- Assigned task:
Find the line that contains "В системе имеется" in the entries below. Restate it and every line after it, word for word, with no pictures.

- Task inputs:

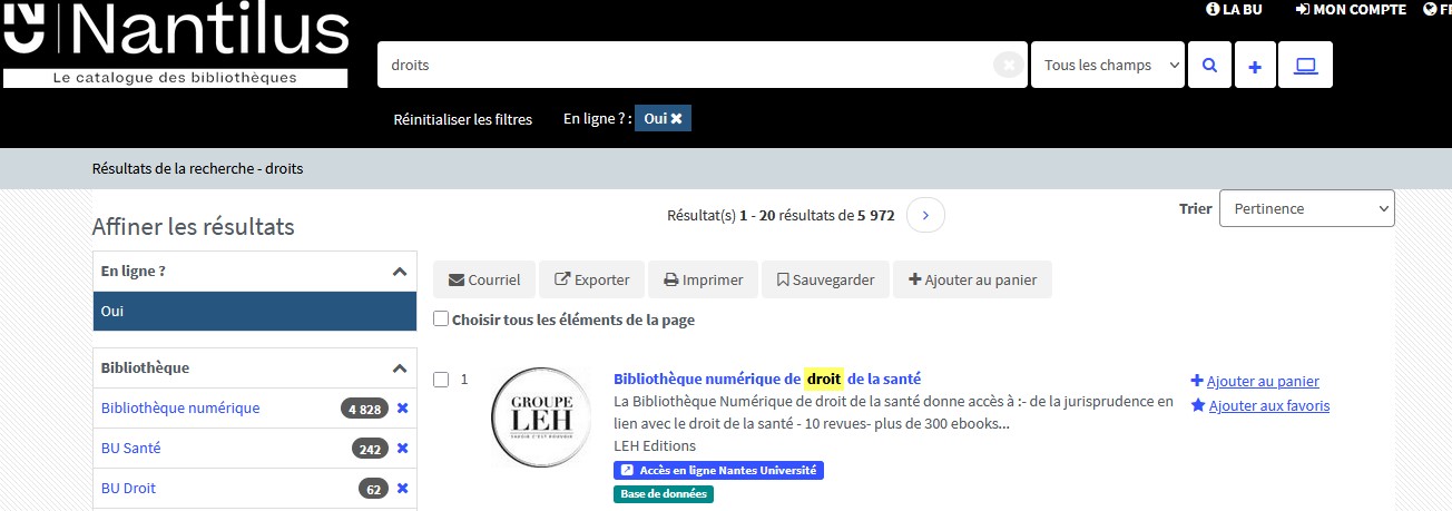 Si vous ne trouvez pas la ressource qui vous intéresse dans Nantilus, c’est que la BU n’y est pas abonnée.
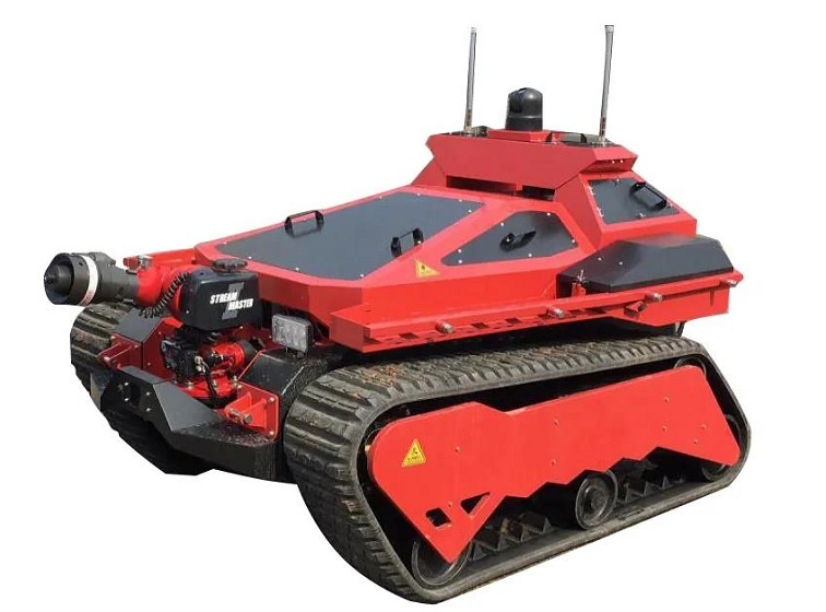 消防滅火偵查機器人,是代替消防員近攻火災現場的理想設備。其功用包括:降塵降溫,水/泡沫滅火噴射,火場視頻信息/環境偵查等實時觀測;它運動靈活,可原地轉向,最大爬坡度 62.5%。無線遙控400m~1km以上,遠距離遙控操作確保消防員的人身安全,并達到最佳的安全作業效果。
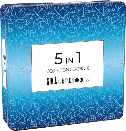 Met de Tactic 5 in 1 Hout kun je genieten van 5 verschillende klassieke spellen in één blikken trommel. Dit kwalitatief hoogwaardige spel bevat schaken, dammen, tic-tac-toe, backgammon en domino. De doos bevat een tweezijdig houten bordspel voor schaken en dammen, evenals een tweezijdig houten bordspel voor backgammon en tic-tac-toe. Daarnaast zijn er houten schaakpionnen, domino's en backgammon-, tic-tac-toe- en damschijven inbegrepen, samen met 2 dobbelstenen en spelregels. Met een verpakkingsgewicht van 1.65 kg is dit spel ideaal voor zowel kinderen als volwassenen om van te genieten. Ontdek urenlang speelplezier met dit veelzijdige en compacte bordspel!
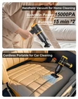 Car Vacuum Portable Cordless,4 in 1 Car Vacuum Cleaner,15000PA High Power Suc...
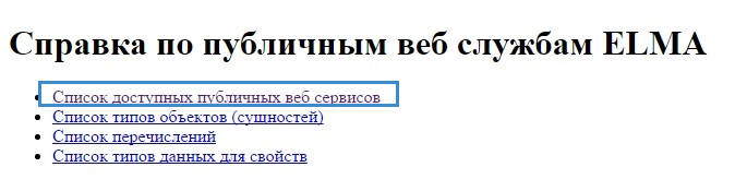 В системе имеется возможность создавать свой собственный веб сервис. Список уже существующих веб сервисов можно увидеть, прописав в строке запроса ~/API/Help и выбрав «Список доступных публичных веб сервисов», либо прописав в строке запроса ~/API/Help/Services.
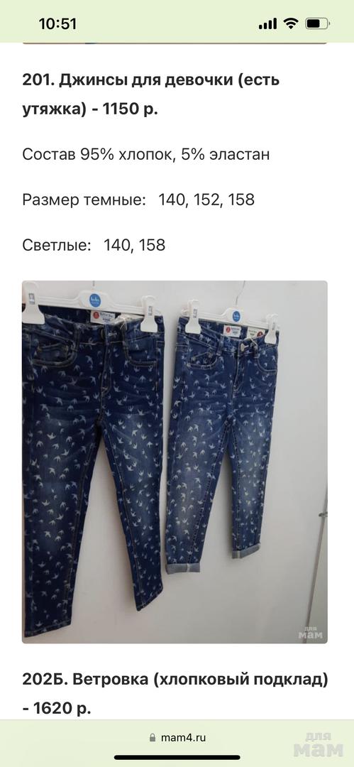 201. Джинсы для девочки (есть утяжка) - 1150 р.
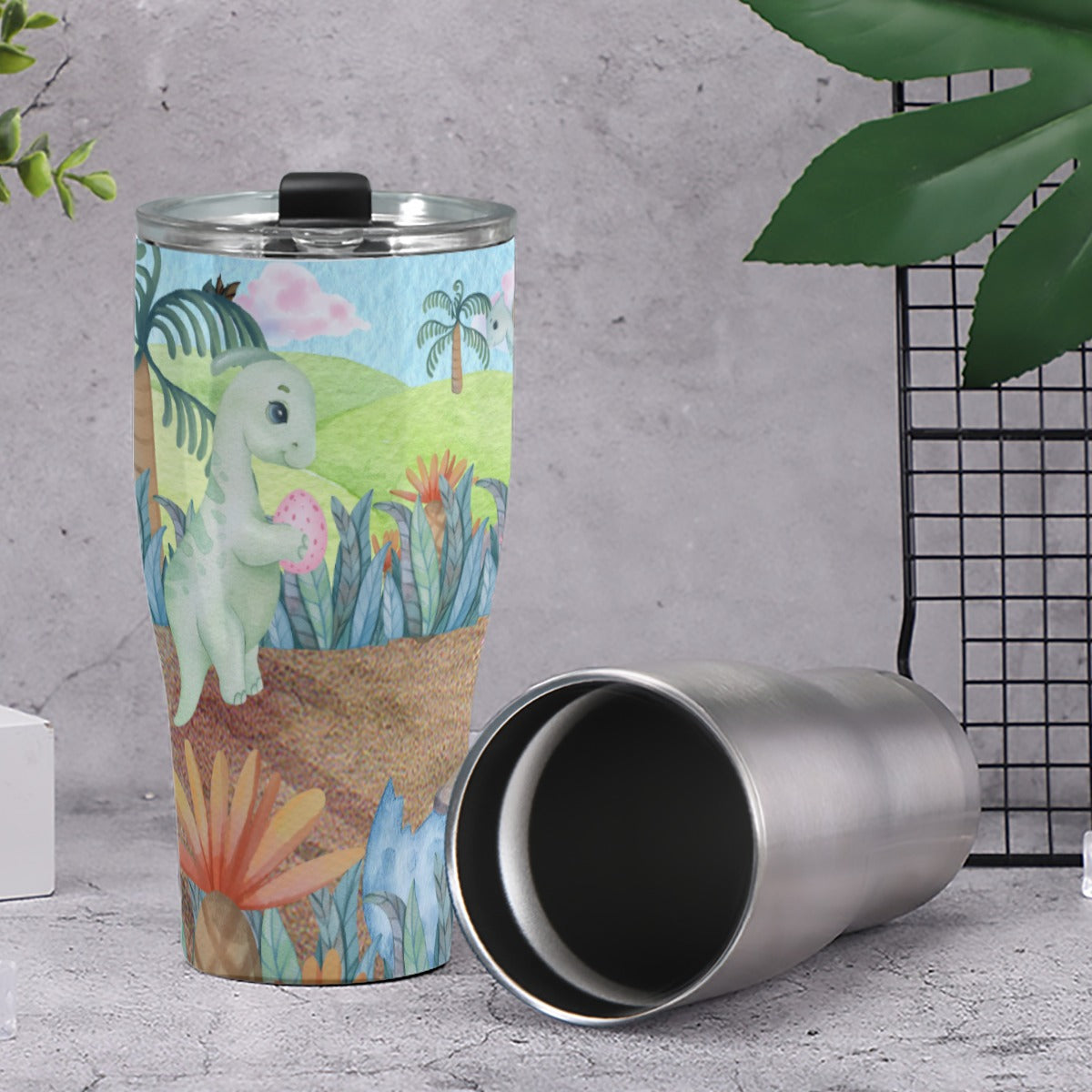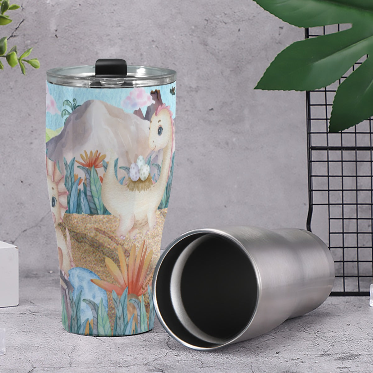 Cone Tumbler 30oz Watercolor Dinosaurs, Volcano, Grass, Dino Eggs, Cute, Triceratops. Parasaurolophus, Pterodactyl, Diplodocus, Prehistoric (Designed by Dunbi)

- Answer section:
 В системе имеется возможность создавать свой собственный веб сервис. Список уже существующих веб сервисов можно увидеть, прописав в строке запроса ~/API/Help и выбрав «Список доступных публичных веб сервисов», либо прописав в строке запроса ~/API/Help/Services.
 201. Джинсы для девочки (есть утяжка) - 1150 р.
 Cone Tumbler 30oz Watercolor Dinosaurs, Volcano, Grass, Dino Eggs, Cute, Triceratops. Parasaurolophus, Pterodactyl, Diplodocus, Prehistoric (Designed by Dunbi)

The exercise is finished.